Posted on July 22, 2013 at 11:40 AM


Social emotional development simply refers to a child's capacity to experience emotions and respond appropriately. By learning proper responses to emotional matters, children are more likely to lead healthy, more productive lives as adults. Some aspects of social emotional development include:


• Self-confidence and self-esteem


•Self-control and behavior


•Empathy and compassion

•Cooperation and cooperative play.



Examples of typical social emotional development include laughing and smiling at a mirror reflection (7 months); wanting to be near adults and needing reassurance that a caregiver is nearby (14 months); imitating grown-up activities (16 months); claiming ownership of personal things (mine!) (24 months), and; pretending to be a Mommy or Daddy (24 months).

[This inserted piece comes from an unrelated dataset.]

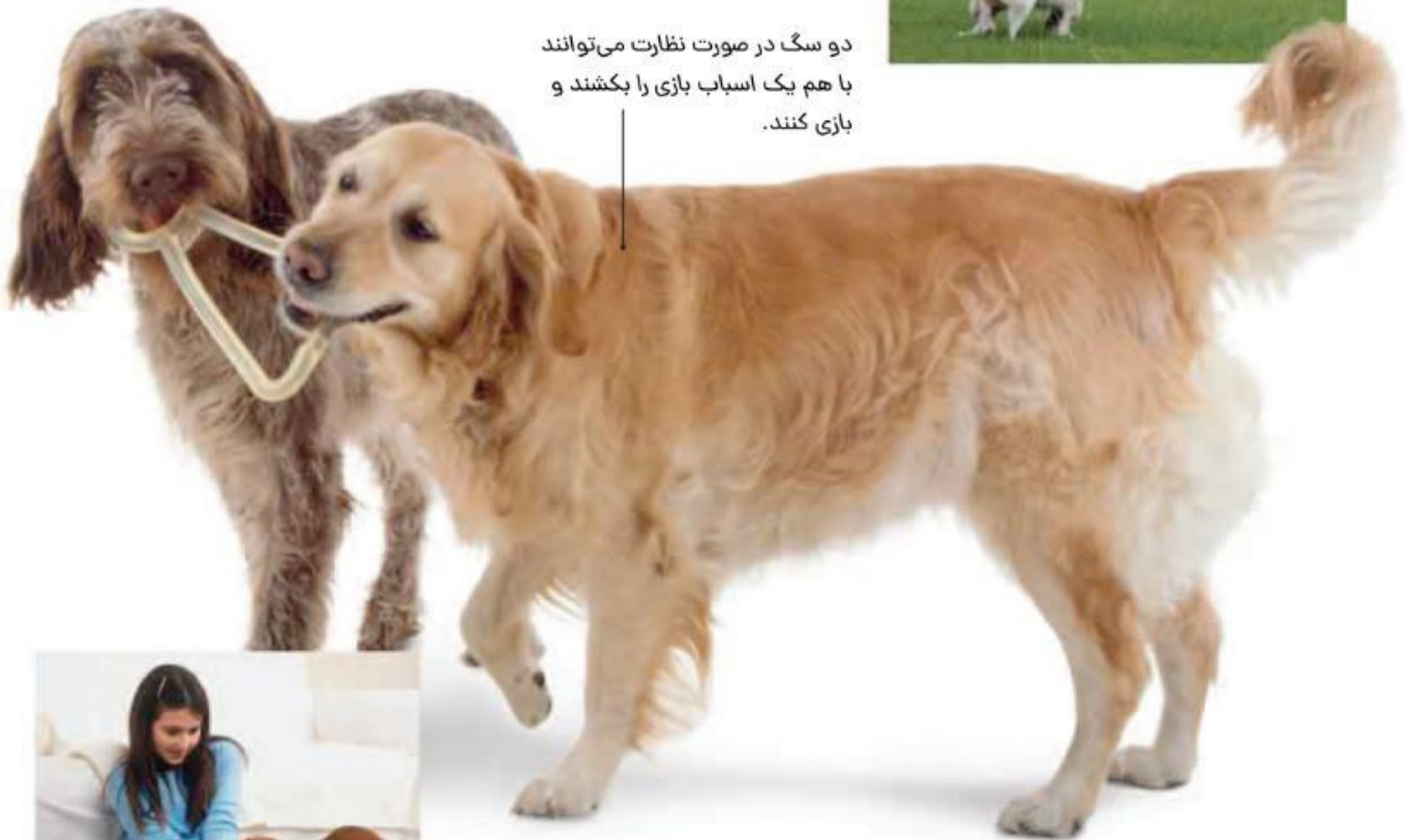
بازی کشیدن اسباب بازی

دو سگ در صورت نظارت می‌توانند با هم یک اسباب بازی را بکشند و بازی کنند.
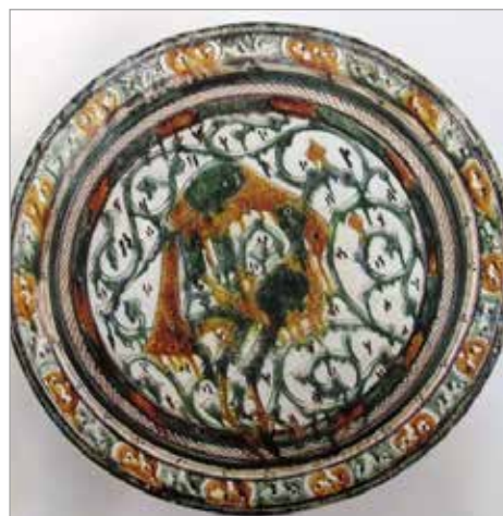
تصویر ۱۷. نقوش اسلیمی سفال آقکند (Watson, 230)

The reason for a child to be experiencing a delay in social emotional development is not always clear. Children with Autism especially have difficulty in this area of development. These children often avoid social interaction, prefer solitary play, and have difficulty interpreting body language and reading facial expressions. Children with Autism may say "ow" when they are being tickled or laugh when being scolded. For these children, proper social emotional responses do not develop as naturally as with typically developing children.



Environmental risk factors have also been known to impact a child's social emotional development. Examples of these types of risk factors include:

•Exposure to infection, alcohol or drugs prior to birth

•Poor nutrition

•Lead poisoning or exposure to other toxins

•Premature birth

•Poor prenatal care

•Life experiences.



It is important to remember that a child's social emotional skills do not development in isolation. Delays in other areas of development, including communication, motor, and cognition, may impact social emotional development as well.



Regardless of the reason for a social emotional delay, the earlier the intervention, the greater the likelihood that the delay can be successfully addressed.